This may be of benefit for the next maintenance programmer to come along. They should not have to search too far to decide if the code is correct. You can kind of Prehunt the Elephant.
Personally, it helps me as it forces me to look at the else case, and evaluate it. It may be an impossible condition, in which case i may throw an exception as the contract is violated. It may be benign, in which case a comment may be enough.
Your mileage may vary.
Most the time when you just have a single if statement, it's probably one of reasons such as:
Function guard checks
Initialization option
Optional processing branch
Example
void print (char * text)
{
if (text == null) return; // guard check
printf(text);
}
But when you do if .. else if, it's probably one of reasons such as:
Dynamic switch-case
Processing fork
Handling a processing parameter
And in case your if .. else if covers all possibilities, in that case your last if (...) is not needed, you can just remove it, because at that point the only possible values are the ones covered by that condition.
Example
int absolute_value (int n)
{
if (n == 0)
{
return 0;
}
else if (n > 0)
{
return n;
}
else /* if (n < 0) */ // redundant check
{
return (n * (-1));
}
}
And in most of these reasons, it's possible something doesn't fit into any of the categories in your if .. else if, thus the need to handle them in a final else clause, handling can be done through business-level procedure, user notification, internal error mechanism, ..etc.
Example
#DEFINE SQRT_TWO 1.41421356237309504880
#DEFINE SQRT_THREE 1.73205080756887729352
#DEFINE SQRT_FIVE 2.23606797749978969641
double square_root (int n)
{
if (n > 5) return sqrt((double)n);
else if (n == 5) return SQRT_FIVE;
else if (n == 4) return 2.0;
else if (n == 3) return SQRT_THREE;
else if (n == 2) return SQRT_TWO;
else if (n == 1) return 1.0;
else if (n == 0) return 0.0;
else return sqrt(-1); // error handling
}
This final else clause is quite similar to few other things in languages such as Java and C++, such as:
default case in a switch statement
catch(...) that comes after all specific catch blocks
finally in a try-catch clause
Our software was not mission critical, yet we also decided to use this rule because of defensive programming.
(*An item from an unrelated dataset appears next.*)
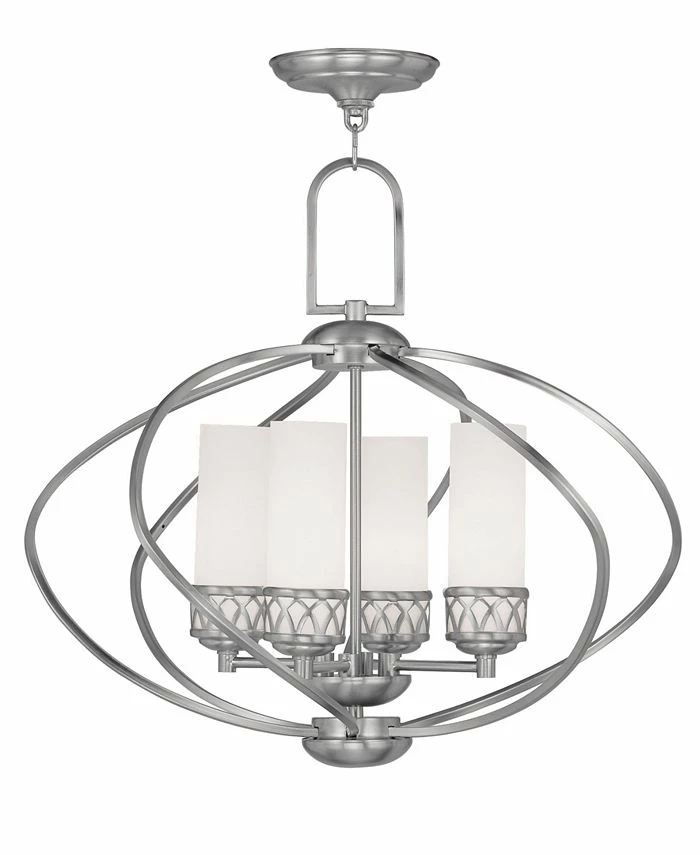 A variety of design elements beautifully merge in the Westfield Chandelier light from Livex. Ample curves in a brushed nickel-tone finish are juxtaposed to handblown, cylindrical glass shades for a striking effect.

We added a throw exception to the theoretically unreachable code (switch + if-else). And it saved us many times as the software failed fast e.g. when a new type has been added and we forgot to change one-or-two if-else or switch. As a bonus it made super easy to find the issue.
Well, my example involves undefined behavior, but sometimes some people try to be fancy and fails hard, take a look:
int a = 0;
bool b = true;
uint8_t* bPtr = (uint8_t*)&b;
*bPtr = 0xCC;
if(b == true)
{
a += 3;
}
else if(b == false)
{
a += 5;
}
else
{
exit(3);
}
You probably would never expect to have bool which is not true nor false, however it may happen. Personally I believe this is problem caused by person who decides to do something fancy, but additional else statement can prevent any further issues.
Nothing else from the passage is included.